School of One students speak to remote tutors. (GothamSchools)

I reported earlier today about the School of One, a new program to personalize instruction for every student. This morning I got to see the program in action.

Inside the library at MS 131, where bookshelves had been covered with canvas, one set of students dialed in to distant tutors by phone while another set worked one-on-one with teachers in a section of the room called “The Bronx Zoo.” At the same time, data analysts manned a behind-the-scenes command center, where a powerful computer calculated exactly what each student needed to learn.

For a classroom being revolutionized by technology, some of the interactions between teachers and students were decidedly low-tech. In a partitioned area of the library called “Brooklyn,” a teacher patiently redirected several of the dozen students sitting around a large table when they shouted out. “I want to play games,” one boy called. “I want to go home,” another interrupted.

In another part of the library, a girl talking with a distant tutor through a headset raised her hand and summoned a teacher. “I need a pen!” she said.

School of One founder Joel Rose said today that tasks that can be uniquely accomplished by teachers should be all the teachers do. “What we want our teachers to focus on is the hardest part of the equation, which is delivering great lessons,” Rose said.

So at the School of One, teachers aren’t expected to do much daily planning. Instead, the same computer program that generates students’ schedules also gives teachers a personalized lesson plan for each day along with suggestions about the best materials to use. The four teachers added materials of their own to the program’s “lesson bank” before the summer started, and most also augment the curriculum materials suggested by the “learning algorithm,” according to a teacher, Matt Miller. 

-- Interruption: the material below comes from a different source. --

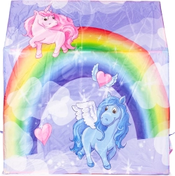 Crea para los niños su propio refugio para la fantasía y la diversión. La tienda de juegos IPLAY con motivos de arcoíris y unicornios ofrece un lugar cómodo y privado para leer, jugar y descansar. Gracias a su estructura ligera y estable, se puede montar fácilmente en el salón, el dormitorio infantil o la terraza.

Teacher Matt Miller works with a small group of students at MS 131

Teacher Matt Miller works with a small group of School of One students. In the background, students work independently. (GothamSchools)

Miller, who has taught at MS 131 for four years, said School of One offers more than lip service to the in-vogue tropes of data-driven teaching and differentiated instruction. He said the school’s teachers are communicating more than ever about what works in their instruction. And he noted that the program’s robust data collection schedule has the potential to let curriculum publishers about which materials are most effective.

Schools Chancellor Joel Klein said he asked School of One officials to make sure the pilot program didn’t cost any more on a day-to-day basis as a regular summer school program.

The vast majority of the program’s $1 million price tag, 90 percent, went into developing the “learning algorithm,” the bank of curriculum materials, and other things that can be scaled up without much additional cost, Rose said. The program’s development has so far cost the city about $300,000, with the balance being footed by private companies such as Cisco and Microsoft.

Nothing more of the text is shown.